文瀚博依舊是笑呵呵的老好人模樣,坐在一旁抿著茶水。
等兩人爭吵的差不多之後,文瀚博清清嗓子說道。
「呵呵,都別吵了,還是把此事上報朝廷,看內閣諸公如何決斷吧!」
有了文瀚博和稀泥,李德安和唐文杰才結束了爭吵,只是兩人卻依舊臉色很不好看。
安茂同在大堂中站著,冷汗涔涔。
……
孟津!
黃河岸邊的渡口之一,是地理學界上公認的黃河上下游的分界點。
再往下,便是華北平原!
往日裡的孟津渡十分繁華,即使是崇禎年間天災不斷,乾旱蝗災時有發生,但孟津守著黃河,並不缺灌溉水源。

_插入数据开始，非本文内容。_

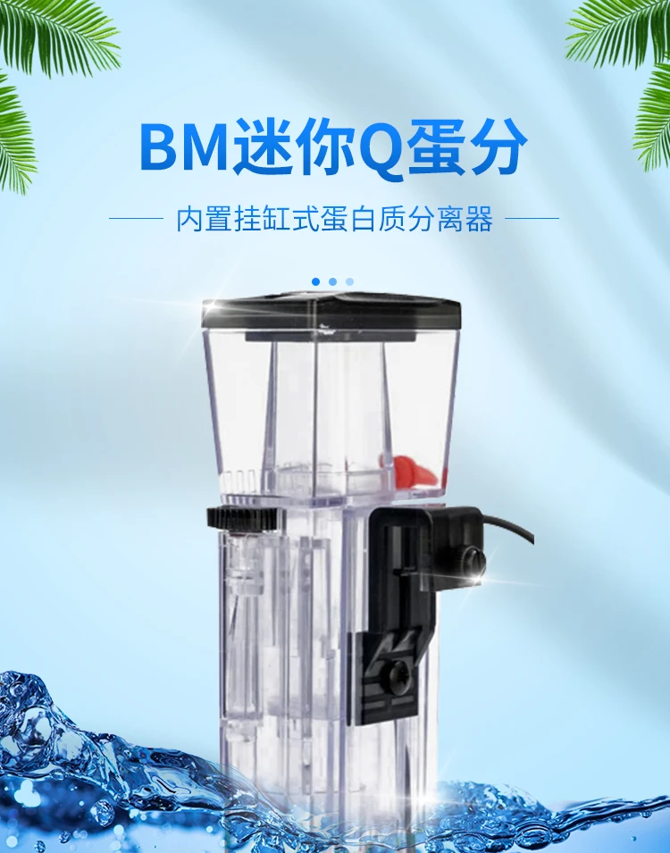 MiniQ содержит коробку для утечки воды и коническую горловину для сбора. Вода и воздух равномерно смешиваются во время работы и эффективность сброса сточных вод высока; Недавно разработанная прецизионная форма реализует канал выхода воды «лабиринт» в бочке, И маленькие пузырьки погружаются и переливаются при сливе. Эффект разделения хороший, и клапан регулировки уровня воды ручного типа может быстро и точно регулировать уровень воды скиммер, чтобы держать скиммер в хорошем состоянии.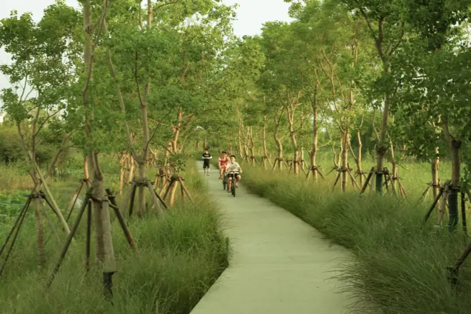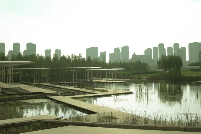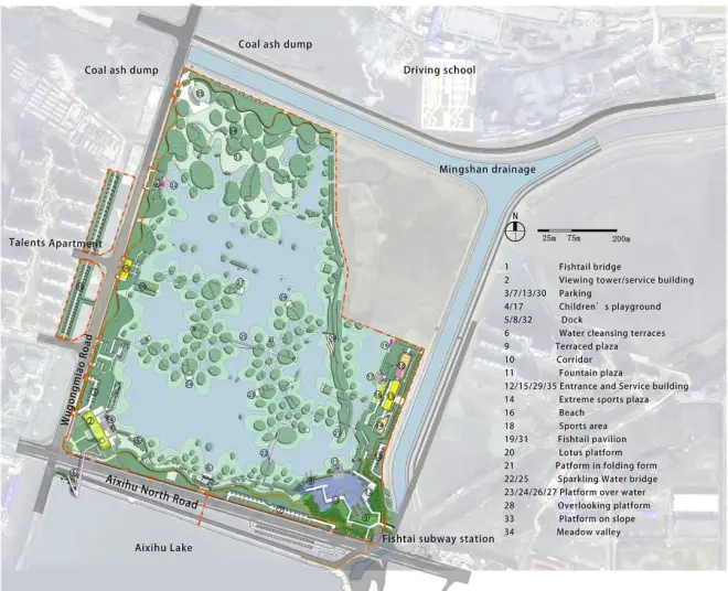 项目位于长江中游最大城市之一的江西南昌,处在中国最大的淡水湖鄱阳湖的西岸。区域洪水与城市内涝是该城市雨季影响最大的消极因素,土人设计将一片面积126英亩、严重受污染的水产养殖场改造成了一篇梦幻般的漂浮森林。用以调节雨水,营造野生栖息地,提供城市交流空间,同时成为人与自然的交流媒介。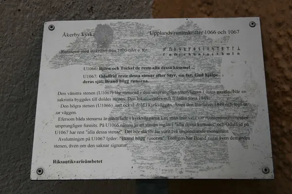 - Riksantikvarieämbetets informationsskylt vid runstenarna intill Åkerby kyrka, Åkerby socken, Uppland 2007.
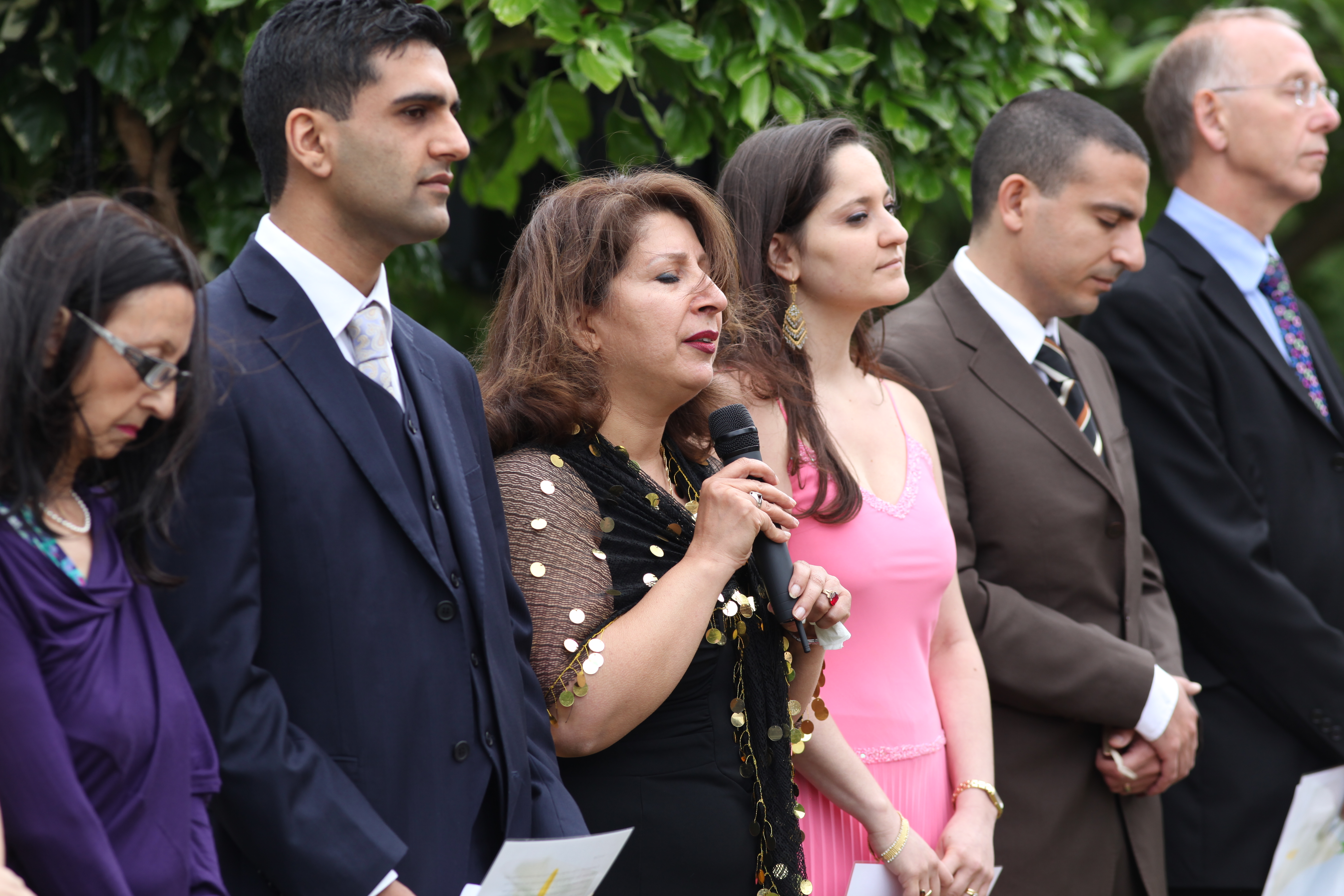 The wedding guests had travelled from as far afield as The Netherlands, Spain, Brazil, Swaziland and the USA. The Bahá’í programme reflected this global nature of the gathering, with prayers and passages from the Bahá’í Scriptures read and chanted in six languages.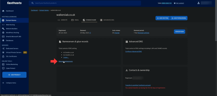 Click on “Manage nameservers”. On this page you’ll find your current nameservers and will have the ability to change them.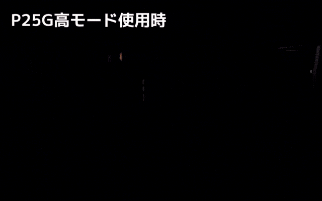 P25GTは一般的な高ルーメンライトと違い、照射範囲が広いため近くから遠くまで広角に明るく照らすことが出来ます。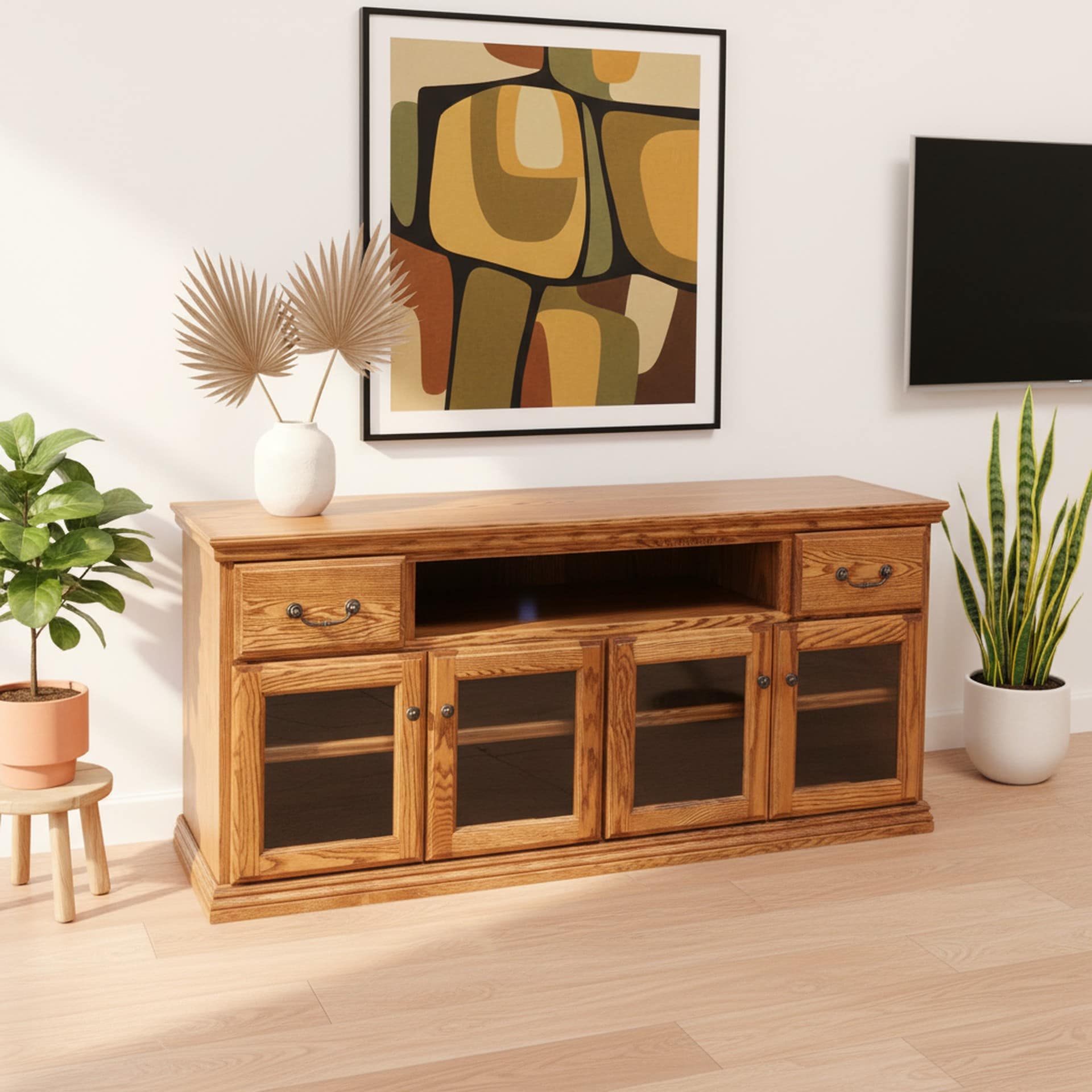 Traditional CN7 63″ W x 36″ H 2-Drawer 2-Cabinet Wood TV Soundbar Media Console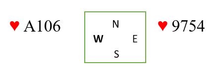 Det kommer en liten hjerter ut fra nord mot din grandkontrakt. Det er jo svært ofte sånn at du må innom motparten for å godspille egne stikk du kan ta for idet du kommer inn igjen. Hvis hjerteren i dette tilfellet sitter 4-4 spiller det ingen rolle hva du gjør i starten, de vil få tre hjerterstikk i det de kommer inn igjen, og de får totalt tre hjerterstikk om du lasjerer også. Men om hjerteren sitter 5-3 kan det være du tjener på å lasjere (ligge unna) to ganger, og så stikke tredje gang. Stikkes med esset første eller andre gang kan han med trekorts hjerter spille inn makkeren i fargen hvis det er han med trekorts hjerter som kommer inn idet du må slippe dem inn. Hvis du lasjerer to ganger, og han med trekorts hjerter kommer inn (for eksempel på ett ess) er det ikke sikkert den motspilleren med femkorts hjerter har noe inntak, og han/hun blir sittende å se på hjerterstikkene sine resten av spillet!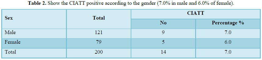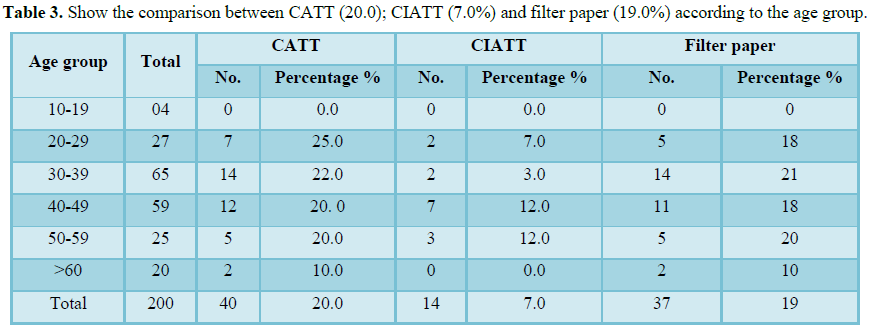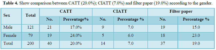 A comparison between CATT and CIATT for diagnosis of sleeping sickness was made on 200 serum samples from displaced people’s camps the result showed 40 positive cases for CATT (20.0%) but only 14 positive cases were detected by CIATT (7.0%) (The intensity of reaction is given in Tables 2 and 3. Similar cross-reaction in positive serum from trypanosomiasis-free areas was examined serologically. 30 patients from Gaderif state with malaria 30 (3.0%) and serum from 30 patients with leishmaniasis from the ward of leishmania from Gaderif state (6.0%), W. bancrofite 200 cases showed (2.5%). 15 cases of toxoplasmosis the prevalence rate -(0.0%) and the last test was hydatidosis 15 positive showed prevalence rate (0.0%) from statistically CATT and CIATT were found similar in the detection of the false positive cases from patients with malaria and leishmaniasis from non-endemic areas, on the other hand we found negative results in Toxoplasma gondii and hydatid disease 0.0%.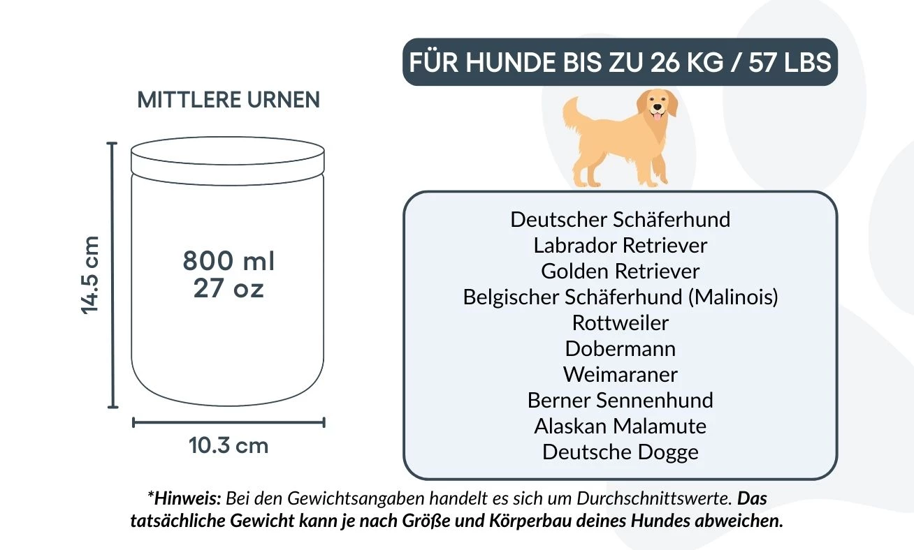 Disponible en deux tailles pour convenir aux petits et moyens chiens, cette urne de crémation est une façon respectueuse et personnelle de dire adieu à votre compagnon. Plus qu’un simple objet, c’est un souvenir durable, conçu pour honorer la fidélité, la tendresse et l’amour partagé.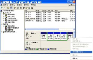 . Dell之笔记本、ThinkPadX31以前之ThinkPad笔记本及其他很多笔 记本之一键恢复都是采用隐藏分区之方式,将恢复系统之数据放在硬盘上。这一类笔记本之一键恢复隐藏分区非常容易删除,只要在Windows XP/Windows Vista之开始菜单中用右键单击“我之电脑”(WindowsXP)或“计算机”(WindowsVista),选择“管理”→“存储”→“磁盘管理 ”,在硬盘分区示意图中选中隐藏之分区,点击右键选择“删除磁盘分区”即可。

再加上黃河上下游繁忙的貨運來往,使得孟津成為了一處極繁華的地界!
今日是六月初六,熾熱的陽光照在大地上,地上溫度很高,一股股熱浪襲人,離遠了看景物都在扭曲變形。
大堤兩岸的麥田中,今年種下的麥苗被太陽曬得焉巴了,不復翠綠。
農人們在麥田中辛勤勞作,彎腰低頭,在麥田中鬆土除草。
他們的身體被曬得黢黑,額頭上大滴大滴的汗水滴落,落在黃土中瞬息消失不見。
雖然勞累,但他們卻很滿足!
如今天下大亂,又有多少地方能像孟津一樣依舊能過著平靜富足的生活呢?!
老農放下鋤頭,擦了擦額頭的汗珠,招呼著自己的小孫子到田埂上去,尋個陰涼處避避太陽,別中暑了。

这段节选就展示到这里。